--- Data Enclosed Below ---

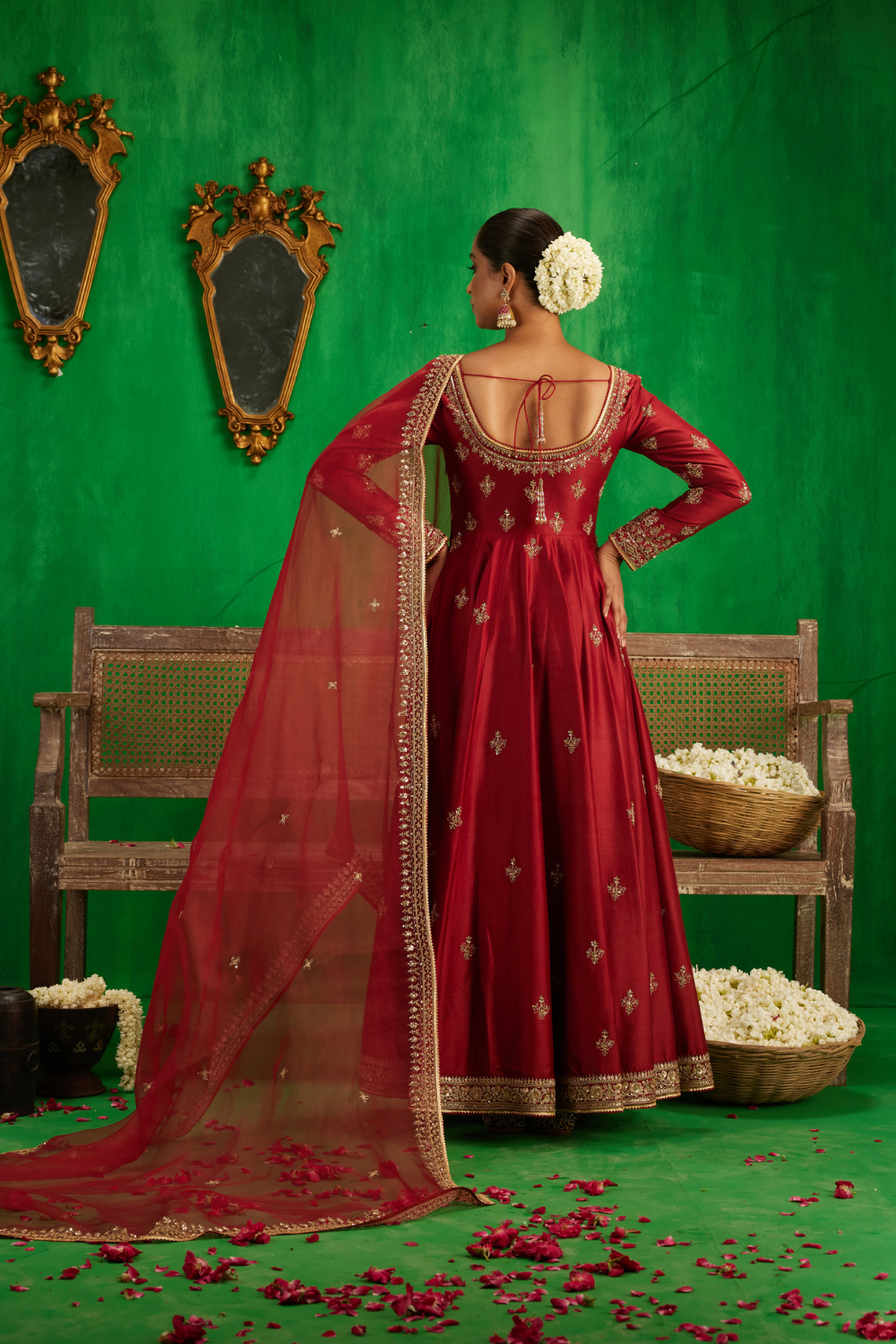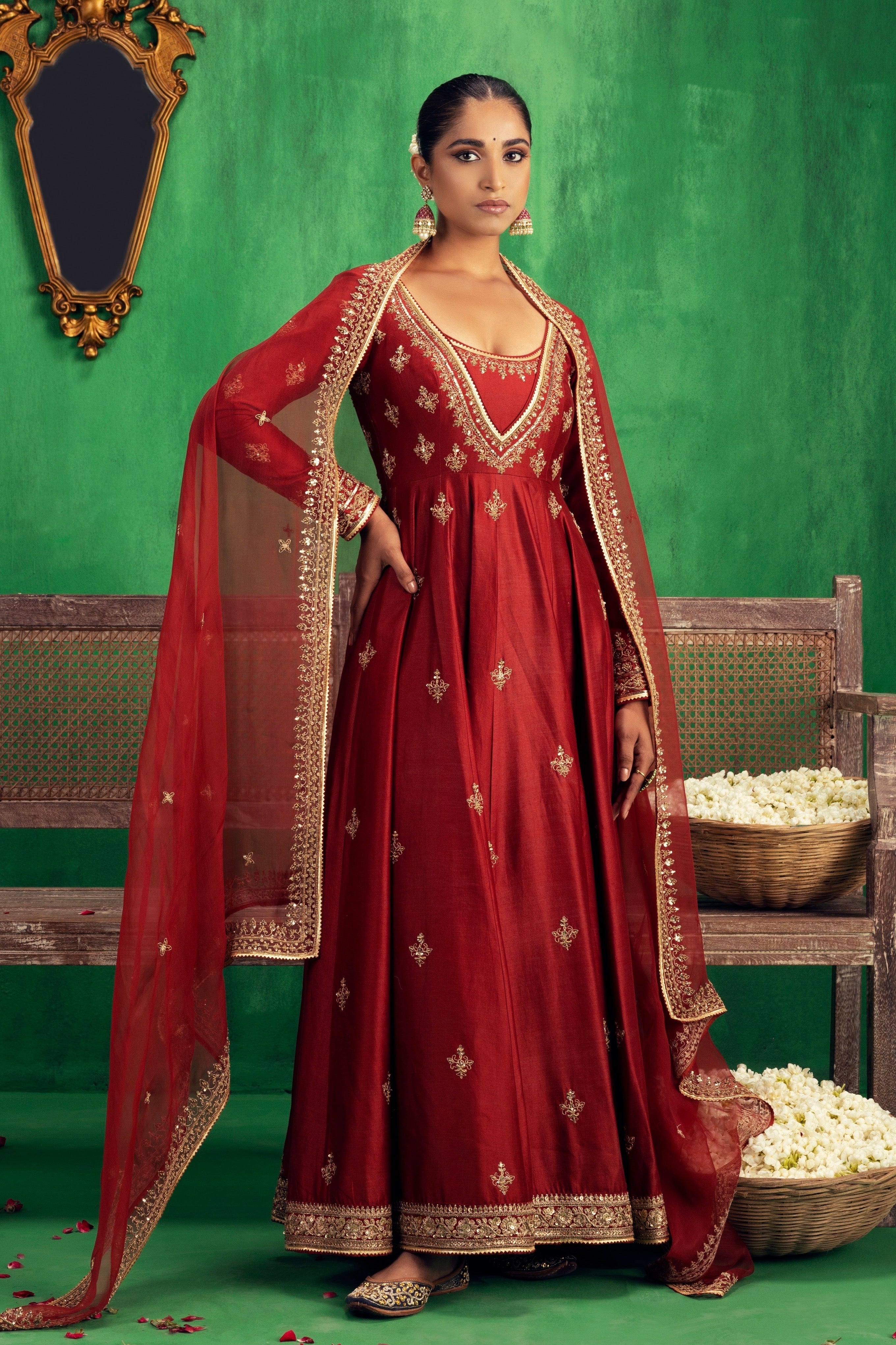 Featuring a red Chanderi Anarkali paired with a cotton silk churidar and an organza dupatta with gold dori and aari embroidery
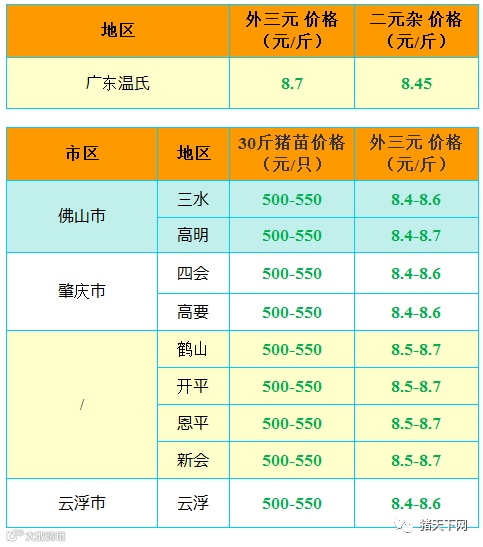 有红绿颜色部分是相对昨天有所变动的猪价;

--- End of Enclosed Data ---
--- Data Enclosed Below ---

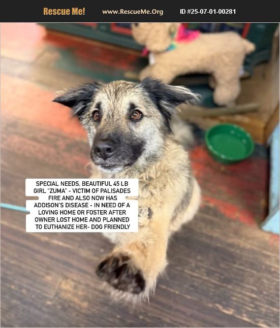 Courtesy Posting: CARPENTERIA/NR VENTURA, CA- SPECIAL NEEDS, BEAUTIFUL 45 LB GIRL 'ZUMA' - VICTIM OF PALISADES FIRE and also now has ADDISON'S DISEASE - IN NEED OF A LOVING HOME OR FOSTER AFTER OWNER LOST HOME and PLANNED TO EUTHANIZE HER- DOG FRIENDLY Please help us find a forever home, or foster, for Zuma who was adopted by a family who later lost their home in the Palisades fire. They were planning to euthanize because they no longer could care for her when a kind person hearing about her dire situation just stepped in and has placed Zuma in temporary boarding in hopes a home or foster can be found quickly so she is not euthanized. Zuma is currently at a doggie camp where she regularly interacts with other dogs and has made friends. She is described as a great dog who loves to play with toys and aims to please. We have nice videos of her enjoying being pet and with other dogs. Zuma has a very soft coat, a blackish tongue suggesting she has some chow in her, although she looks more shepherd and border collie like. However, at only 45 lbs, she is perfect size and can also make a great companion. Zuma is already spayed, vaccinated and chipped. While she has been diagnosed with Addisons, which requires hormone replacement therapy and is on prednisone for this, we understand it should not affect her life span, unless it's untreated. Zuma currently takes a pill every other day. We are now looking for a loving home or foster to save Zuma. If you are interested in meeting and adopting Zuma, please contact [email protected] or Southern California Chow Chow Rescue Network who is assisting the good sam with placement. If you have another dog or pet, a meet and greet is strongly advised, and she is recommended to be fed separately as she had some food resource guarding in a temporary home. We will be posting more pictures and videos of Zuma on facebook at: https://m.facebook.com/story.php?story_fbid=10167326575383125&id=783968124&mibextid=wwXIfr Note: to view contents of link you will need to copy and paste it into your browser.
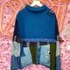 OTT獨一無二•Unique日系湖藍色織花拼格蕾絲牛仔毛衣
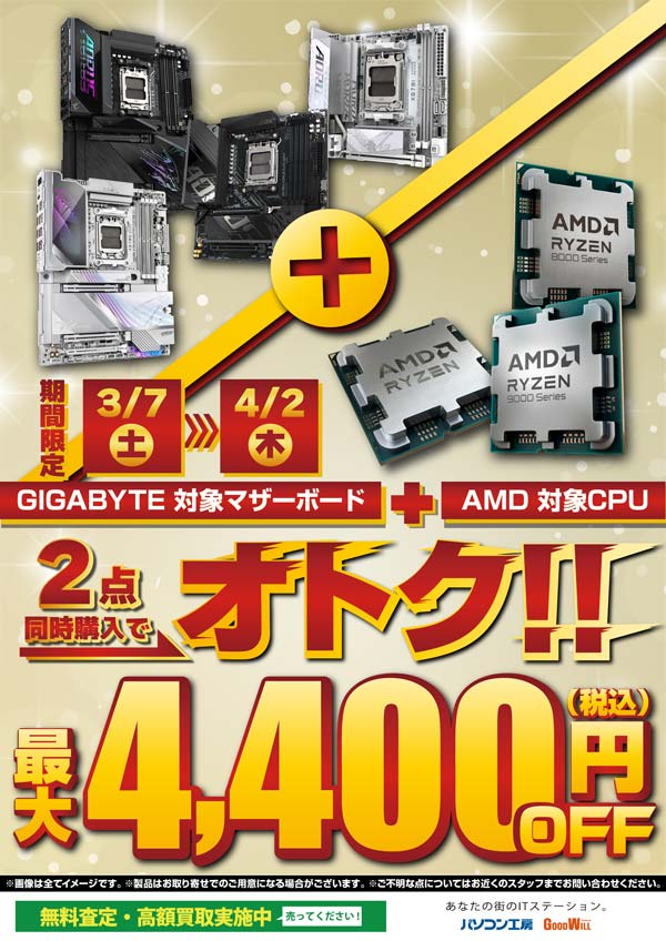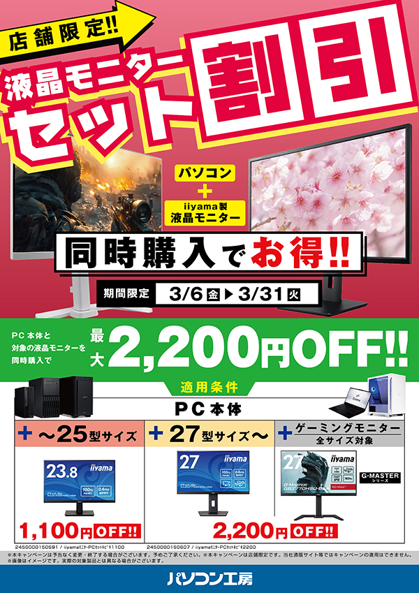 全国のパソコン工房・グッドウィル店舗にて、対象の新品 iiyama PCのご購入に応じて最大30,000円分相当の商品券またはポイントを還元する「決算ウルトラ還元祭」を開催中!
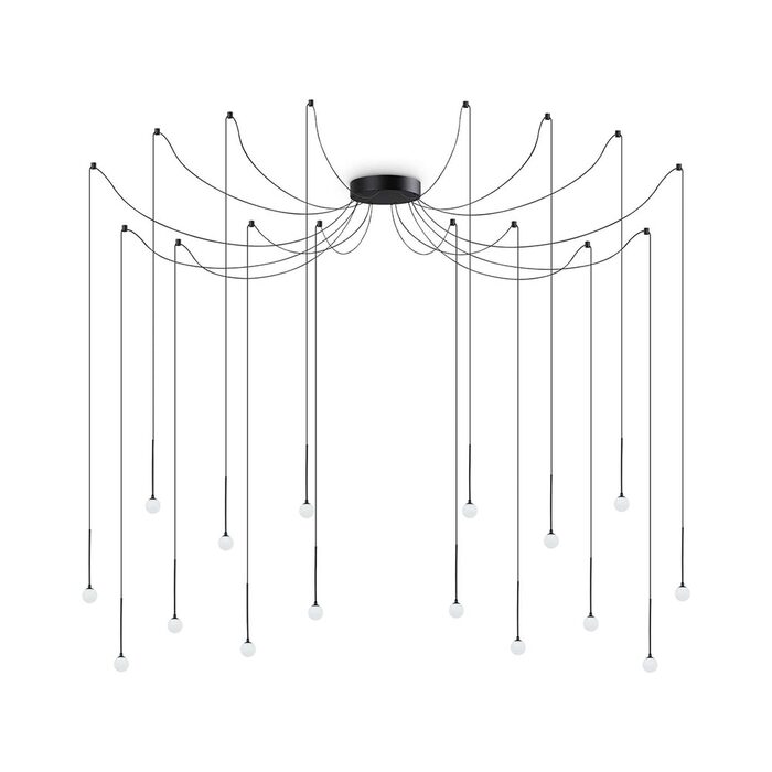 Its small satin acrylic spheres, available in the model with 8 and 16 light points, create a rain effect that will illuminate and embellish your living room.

--- End of Enclosed Data ---
--- Data Enclosed Below ---

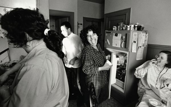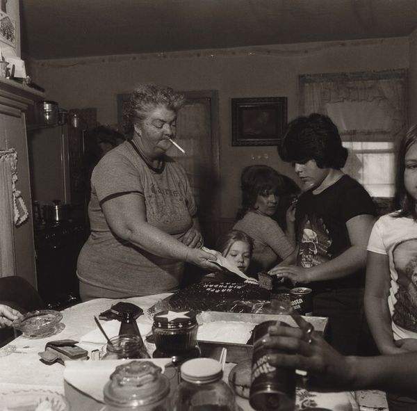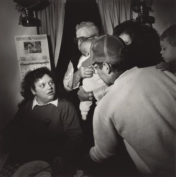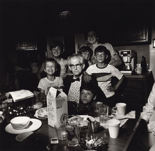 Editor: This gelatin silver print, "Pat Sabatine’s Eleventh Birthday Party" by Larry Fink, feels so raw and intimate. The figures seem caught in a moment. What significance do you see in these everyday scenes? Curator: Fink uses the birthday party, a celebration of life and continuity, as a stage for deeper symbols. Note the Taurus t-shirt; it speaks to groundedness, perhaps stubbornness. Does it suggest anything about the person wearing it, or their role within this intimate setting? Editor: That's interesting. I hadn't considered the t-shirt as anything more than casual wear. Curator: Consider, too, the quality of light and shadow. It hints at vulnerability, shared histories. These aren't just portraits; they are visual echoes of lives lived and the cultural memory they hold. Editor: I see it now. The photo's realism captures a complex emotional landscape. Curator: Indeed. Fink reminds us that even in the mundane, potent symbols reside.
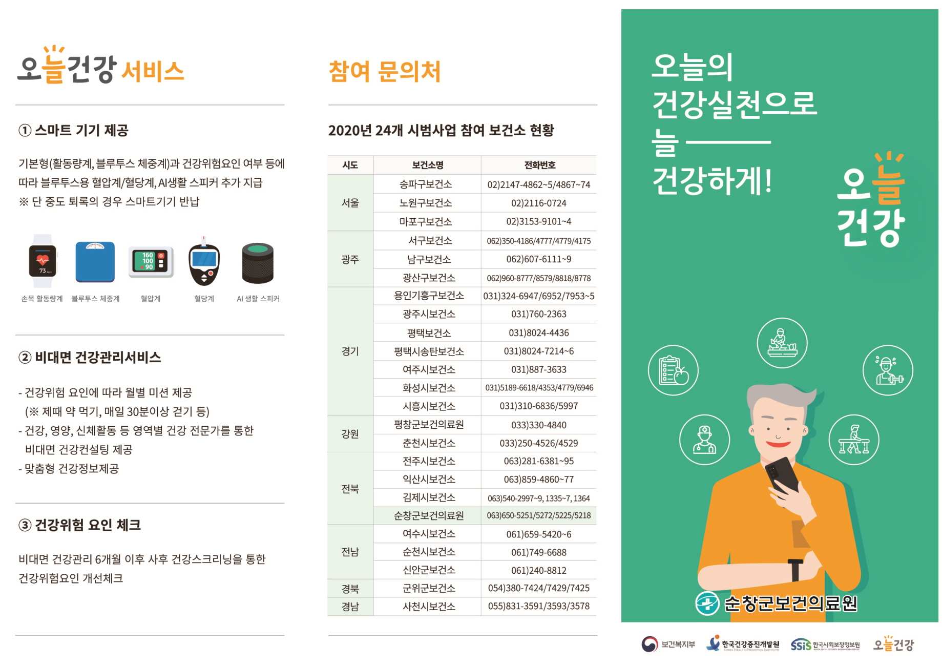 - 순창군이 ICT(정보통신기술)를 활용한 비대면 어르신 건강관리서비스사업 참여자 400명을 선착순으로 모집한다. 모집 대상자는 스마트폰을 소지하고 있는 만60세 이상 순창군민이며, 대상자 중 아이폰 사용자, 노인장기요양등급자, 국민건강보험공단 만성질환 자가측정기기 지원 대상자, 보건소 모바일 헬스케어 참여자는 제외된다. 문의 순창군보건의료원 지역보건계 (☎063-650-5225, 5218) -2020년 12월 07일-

--- End of Enclosed Data ---

**What to do:** Nothing but the lines from the one with "Featuring a red" to the one with "有红绿颜色部分是相对昨天有所变动的猪价;" above, both included, should be transcribed, exactly and without pictures.

**Written answer:**
 Featuring a red Chanderi Anarkali paired with a cotton silk churidar and an organza dupatta with gold dori and aari embroidery
 有红绿颜色部分是相对昨天有所变动的猪价;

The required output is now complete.